* _Your objective_:
Drop every picture. Then return, exactly, the lines from the beginning of the listing below through the one containing "An infant vervet".

* _Data for processing_:
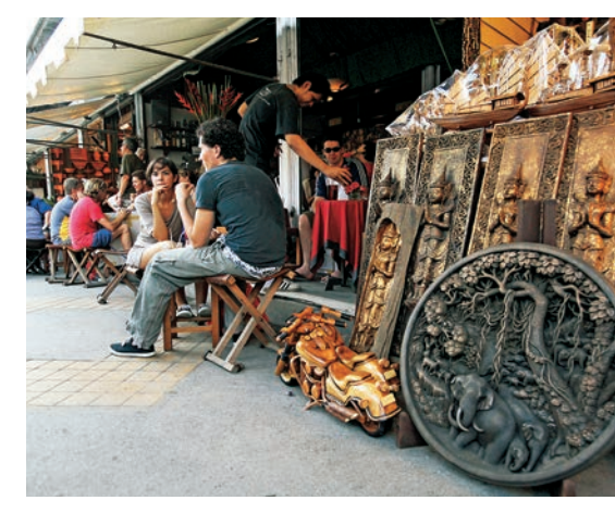
Chatuchak Weekend Market

Reachable by the river taxi, as well as road transport, this market is best known for potted plants and shrubs, especially orchids. On the other side of the street is the fresh market where visitors can enjoy shopping fresh fish, vegetables, fruits, as well as delicious food The best time to visit this market is from late morning to early afternoon.
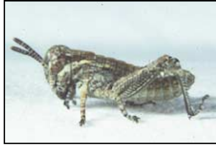
1. BL 4-6 mm FL 2-2.9 mm AS 12-13.
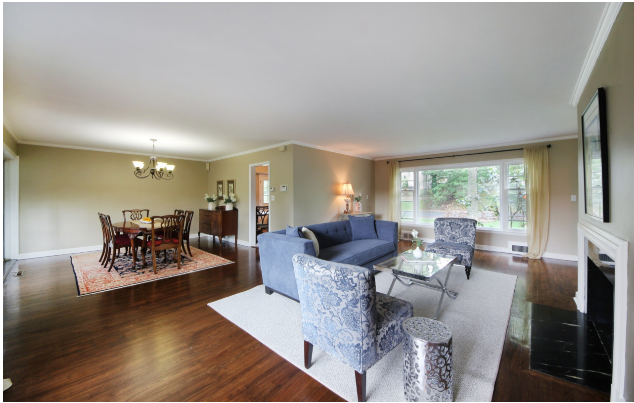
Spacious and open rooms coupled with timeless appeal come together with recent updates that showcase this sprawling ranch.
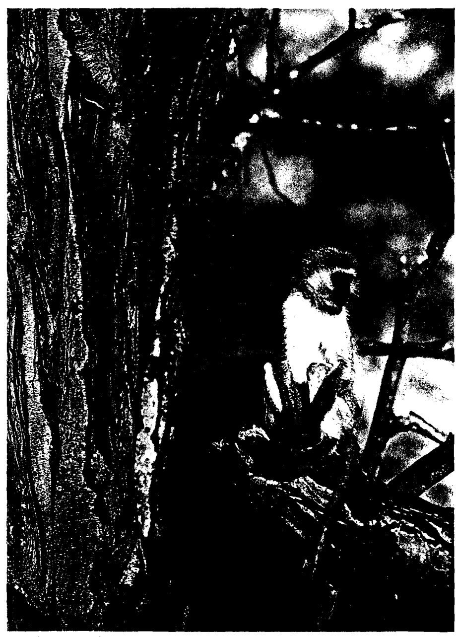
An infant vervet clings to its mother, opposite page, in Kenya's Amboseli National Park. Vervets prefer to sleep in fever trees, above, whose many vertical branches may deter leopards from climbing them.

Anyone who visits the numerous national parks in East Africa quickly learns that dangers abound there. Parched bones liberally litter the ground. Many belong to gazelles, wildebeests, and other ungulates taken by lions, hyenas, cheetahs, and leopards. Some smaller animals, however, leave very few bones behind to remind us that they were once dynamic individuals that maneuvered their way around friends and enemies in an attempt to survive and reproduce. Vervet monkeys are the size of

* _The completed task_:
Chatuchak Weekend Market

Reachable by the river taxi, as well as road transport, this market is best known for potted plants and shrubs, especially orchids. On the other side of the street is the fresh market where visitors can enjoy shopping fresh fish, vegetables, fruits, as well as delicious food The best time to visit this market is from late morning to early afternoon.
1. BL 4-6 mm FL 2-2.9 mm AS 12-13.
Spacious and open rooms coupled with timeless appeal come together with recent updates that showcase this sprawling ranch.
An infant vervet clings to its mother, opposite page, in Kenya's Amboseli National Park. Vervets prefer to sleep in fever trees, above, whose many vertical branches may deter leopards from climbing them.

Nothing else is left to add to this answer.